Hodges introduces himself
Cantlay wasn’t the only player to make the most of La Quinta’s friendly confines. Lee Hodges, a recent graduate of the Korn Ferry Tour, also danced with 59 thanks to eight birdies and an eagle in his first 13 holes. Like Cantlay, he somewhat sputtered down the finish with five straight pars, but his 62 tied for the lead at day’s end.
“Kind of changed a little mindset I guess going into today,” Hodges said. “I guess I was—it's tough being on the PGA Tour sometimes as a rookie, you know. You expect a lot and get a little sometimes. So today I just really tried to go out and have a good time and enjoy myself and know how blessed I am to be out here.”
Hodges, 26, credited a missed cut at the Sony Open for spurring a new approach heading into the week. “I was playing great last week, leading up to last week in Hawaii I was playing some of my best golf I played in a long time. And then just kind of didn't play well in the tournament,” Hodges said. “Here, there, you can say what you want, but I knew that my game was there to play really well, so just got to try to change a little bit of my attitude, I think that was a big help.”
A product of the University of Alabama, Hodges won the 2020 Portland Open in the Korn Ferry Tour’s super-season and added 17 top-25s in 37 starts to earn his card. Hodges hasn’t necessarily been bad in his freshman campaign, making the weekend in five of seven appearances thus far in the 2021-22 season. Conversely, he’s not thriving, either, with just one finish in the top 40 and ranking 166th in strokes gained. Thursday was the first step back into the right direction.
Big man, big drives
Let us preface this by saying we are not completely confident this is correct. But we’re not going to let a little thing like facts get in the way of entertainment.
James Hart du Preez, a 6'10" South African, is making his PGA Tour debut this week. The 26-year-old led the Sunshine Tour in driving distance with a get-out-of-town 373.07-yard average last season, and though altitude factors into those numbers it is still 15 yards longer than anyone else on the circuit.

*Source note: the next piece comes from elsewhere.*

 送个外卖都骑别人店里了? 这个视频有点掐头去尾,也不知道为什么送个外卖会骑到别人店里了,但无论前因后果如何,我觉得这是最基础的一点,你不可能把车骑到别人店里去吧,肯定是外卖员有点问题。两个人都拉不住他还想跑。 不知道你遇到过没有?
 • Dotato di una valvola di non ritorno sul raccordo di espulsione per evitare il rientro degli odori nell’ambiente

By score it was an inauspicious start Thursday for du Preez, only five players turning in a higher card than his four-over 76. However, if the ShotLink data is accurate, du Preez connected on two drives that crossed the 400-yard barrier.

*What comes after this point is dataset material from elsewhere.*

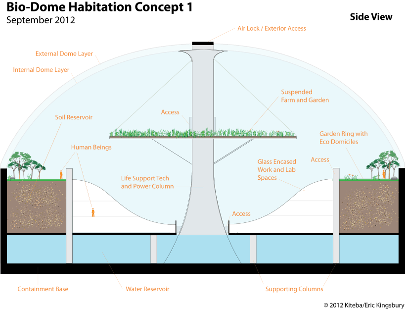 This concept involves a dense, protective base, coupled with a two-ply sealed dome, supporting vegetation, farming, air, water and all kinds of life. There is a water reservoir at the base and soil in a circular ring, where oxygen-producing plants would grow and humans could live in a jungly paradise. The central column supports the dome and houses all the machinery that would keep the overall life support system working in equilibrium. There is even a suspended farming area.

The first came at the Stadium Course’s par-5 fifth, where a 407-yard moon shot left him with just 150 yards and change.
The second missile was launch at the 452-yard ninth, which, according to this illustration, was a bittttt of a foul ball. If foul balls traveled 406 yards.
Those are numbers that make Bryson DeChambeau look like Ben Crane.

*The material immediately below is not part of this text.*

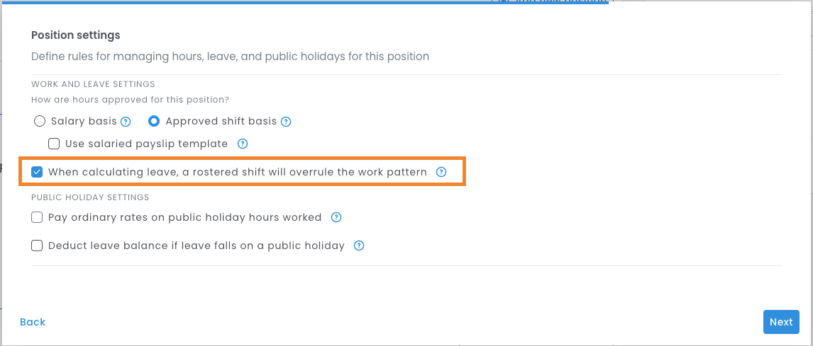 When setting up positions for your permanent employees, there are 2 settings you can review that impact how leave can be applied. The setting we are looking at is the 'When calculating, leave, a rostered shift will overrule the work pattern'.

Of course, du Preez could have used Crane’s iron prowess, losing a whopping five shots to the field in approach. The man clearly has the “bomb” part down, though. If he figures out the “gouge,” oh baby.
Phil Mickelson has played more than 40,700 holes in his PGA Tour career. On Thursday, he did something that’s only happened a handful of times. And it’s something Mickelson would like to forget.
At La Quinta’s par-4 eighth Mickelson blew two balls out of bounds off the tee and it didn’t get much better from there. (We can't tell precisely since, mentioned above, ShotLink data is not available.) But whatever happened was not good, as Mickelson walked away with a quintuple-bogey 9. If that sounds rare, it is, just the 11th score of 9 or higher in Mickelson’s career, according to the PGA Tour Comms team.
Mickelson somewhat righted the course on the back, offsetting three bogeys with an eagle and birdie, but the damage had been done, leaving the six-time major champ in a tie for last place at six over. (In 2019, he shot 1 12-under 60 at La Quinta in the opening round.) He has two days to remaining to make a charge, although with his bad round coming at one of the easier of the three tracks, the 51-year-old will need some magic, and need some help.